The bench, however, noted that while a Muezzin or an Imam can be allowed to recite Azaan from the minarets of the mosques through human voice, use of loudspeakers cannot be permitted.
The Court asserted there is no such religious order which prescribes that Azaan can be recited only through loud-speakers or by any amplifiers.
"The use of microphone is a practice developed by someone and not by the Prophet or his main disciples, and which was not there in the past, and that the microphone is of recent origin and accordingly it could not be said that the use of microphone and loud-speaker is essential and integral part of the Azaan," added the bench.
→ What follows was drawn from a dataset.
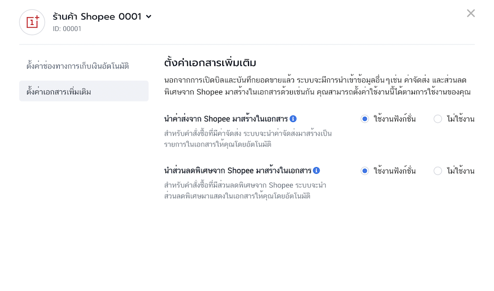 - สามารถแก้ไขการตั้งค่าร้านค้าได้โดยกดที่ปุ่มบริหารจัดการร้านค้า โดยระบบจะแสดง dropdown ที่มีข้อมูลชื่อร้าน และ ไอดีของร้านค้า

It added: "Traditionally and according to the religious order, Azaan has to be recited by the Imam or the person in-charge of the mosques through their own voice. Right to religion, by no stretch of imagination, ought to be practised, professed and propagated saying that microphone has become an essential part of the religion."
The High Court this held the restrictions on use of loudspeakers as valid and reasonable.
"It is held that Azaan may be an essential and integral part of Islam but recitation of Azaan through loud-speakers or other sound amplifying devices cannot be said to be an integral part of the religion," concluded the court.